Bug 5823

Summary: ATI Radeon R300 - complete freeze
Product: Drivers Reporter: Vladimir Kondratiev (vladimir.kondratiev)
Component: Video(DRI - non Intel)Assignee: Steven Christenson (exvor)
Status: REJECTED WILL_NOT_FIX    
Severity: low CC: airlied, akpm, benh, protasnb
Priority: P2    
Hardware: i386   
OS: Linux   
Kernel Version: 2.6.15 Subsystem:
Regression: --- Bisected commit-id:
Attachments: my config for 2.6.15
My lspci

Description Vladimir Kondratiev 2006-01-04 08:47:20 UTC
Most recent kernel where this bug did not occur: 2.6.13
Distribution:
Fedora 4
Hardware Environment:
IBM T42p
Software Environment:
Vanilla kernel compiled with 
gcc (GCC) 4.1.0 20051222 (Red Hat 4.1.0-0.12)
Nothing running, idle system in login prompt.
Problem Description:
In several minutes after boot, kernel freeze.
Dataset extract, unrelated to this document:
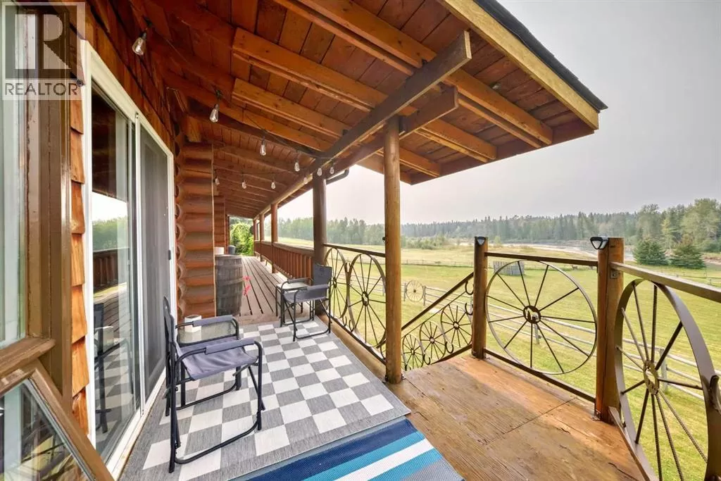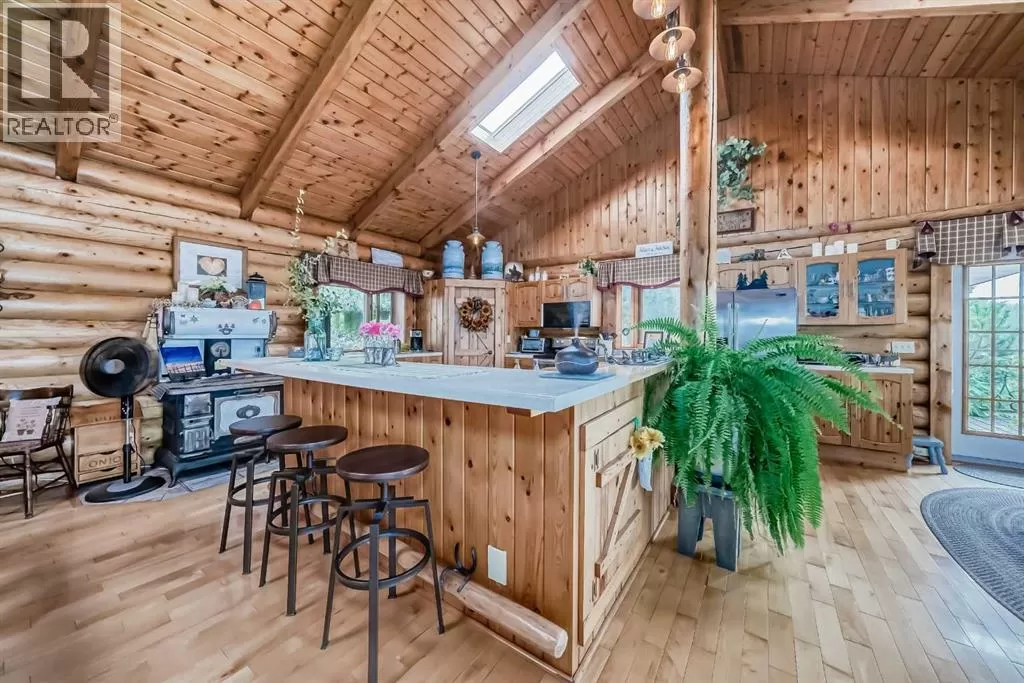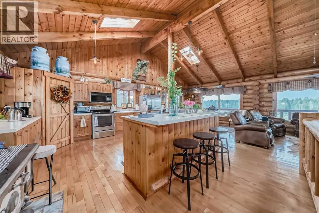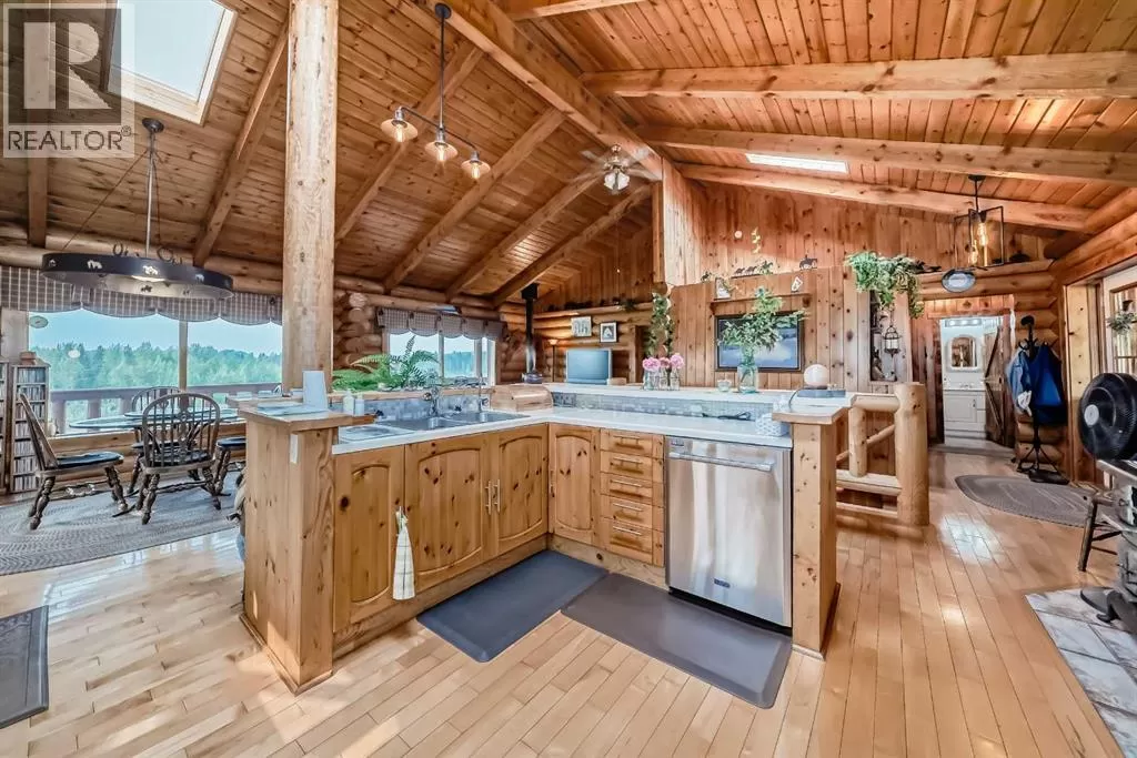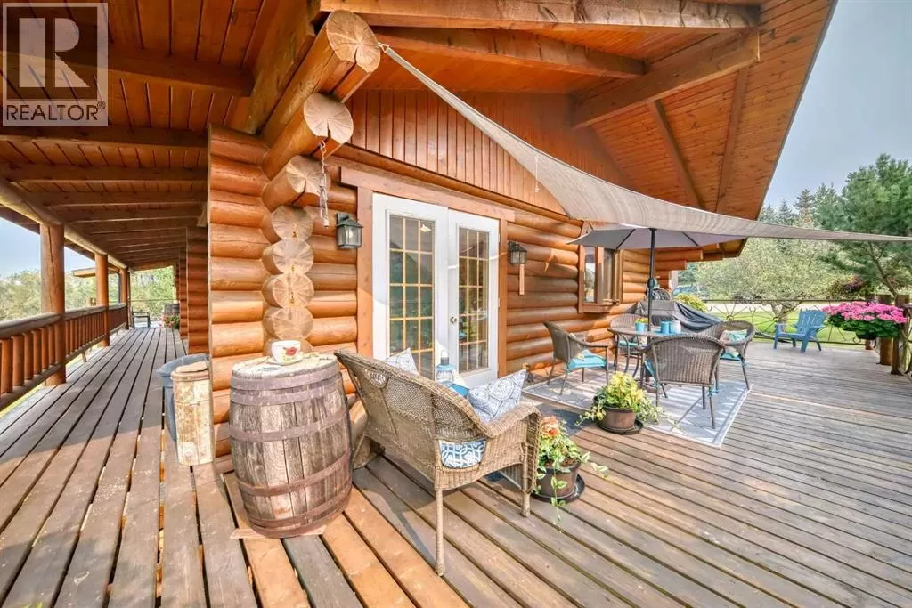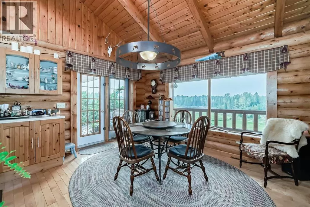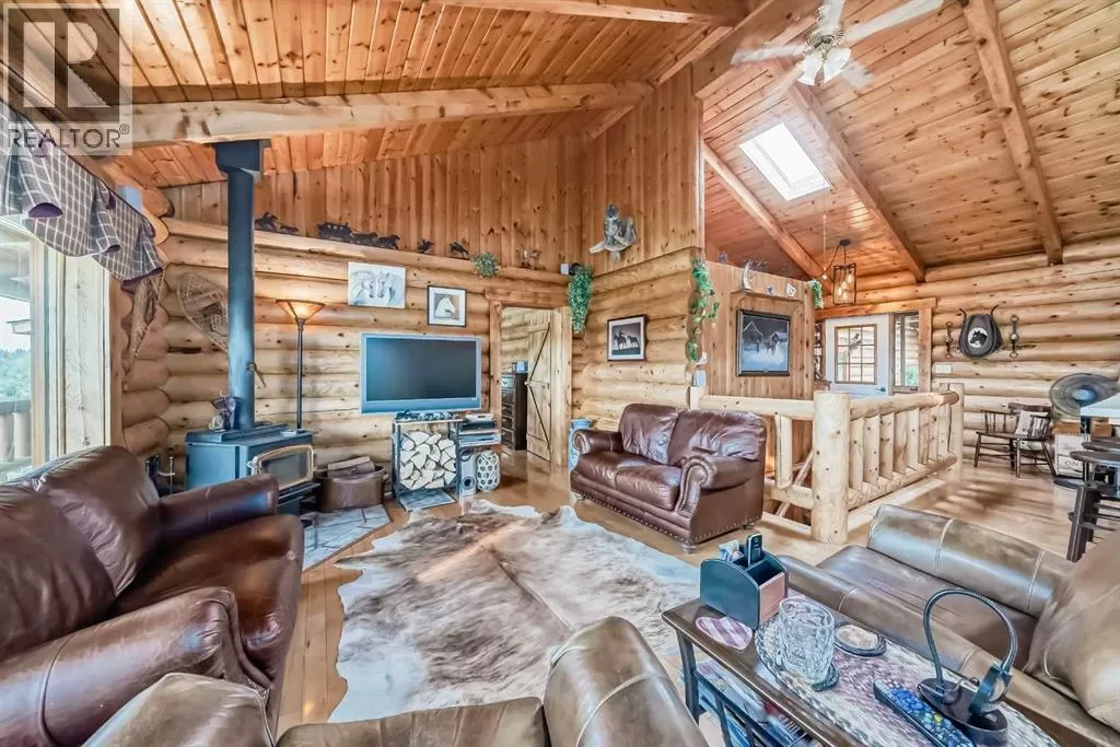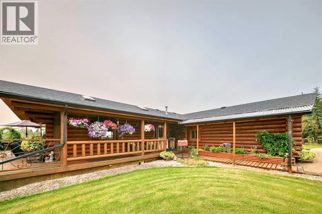 There won't be a moment that you won't say "wow" to this award winning acreage when you drive into this sensational property located on pavement at the end of a dead end road close to Rocky Mountain House and Caroline. Nestled within the trees, this beautiful log bungalow has "Welcome": written all over it. From the exceptional landscaping, to the outdoor amenities to the one in a million view of the Clearwater River, this hand crafted log home has been exceptionally built and maintained. The wrap around deck and covered porch leads you into the main living space with a central kitchen area complete with corner pantry and an eating bar for your family to gather for those special events. The living room with woodstove invites you to cozy up for the evening and the convenience of your primary bedroom on main floor shares a luxurious ensuite with a claw tub and heated floors. The sunroom/reading room is located directly off the primary bedroom. The downstairs walkout houses 3 bedrooms a large family room with wet bar and both storage and a cold room. Not enough can be said about the parking as there is a heated double attached garage along with a 16 x 48 motorhome garage, and a combination of shop areas which are 8x24,12x32,14x32,24x32 and 32x32 and 8x14. There is a hayshed, gazebo, fruit trees, grassed pastureland and access to the river. Animal friendly property that has been fenced complete with water bowl. This is one of those properties that needs to be seen to truly be appreciated. (id:27476)

No OOPS message on console. System
do not react to SysRq. Reproducible 100%.
vanilla 2.6.13 (Linux version 2.6.13 (root@vkondra-mobl) (gcc version 4.0.1
20050822 (Red Hat 4.0.1-10))) run without problems on the same system.
Steps to reproduce:
Boot and wait for several minutes.
I am ready to provide any additional information and do any experiments to
investigate this problem.
Comment 1 Vladimir Kondratiev 2006-01-04 12:21:43 UTC
Created attachment 6932 [details]
my config for 2.6.15
Comment 2 Vladimir Kondratiev 2006-01-04 12:24:41 UTC
I built gcc 4.0.2 (official stable release) from sources; and recompiled 2.6.15
kernel with it. Also, I removed ieee80211* and ipw2200 modules since they was
not present in my 2.6.13.

Result is the same - complete freeze.

Any ideas what to do next?
Comment 3 Andrew Morton 2006-01-04 12:35:56 UTC
Can you enable the NMI watchdog, see if that catches anything?
Comment 4 Vladimir Kondratiev 2006-01-04 22:13:09 UTC
with NMI - no luck. On boot, kernel says:

Local APIC disabled by BIOS -- you can enable it with "lapic"
mapped APIC to ffffd000 (01806000)

; but if I append "lapic", laptop won't boot. Sure, I tried with
nmi_watchdog=[12], NMI counter not run and in dmesg, I see message: 

Testing NMI watchdog ... CPU#0: NMI appears to be stuck (0->0)!

I continued to play with modules, and I found who is guilty:
if I remove drm modules (drm.ko and radeon.ko), it works! I am writing this on
2.6.15 that survived 6 hours. Hope it will work much longer.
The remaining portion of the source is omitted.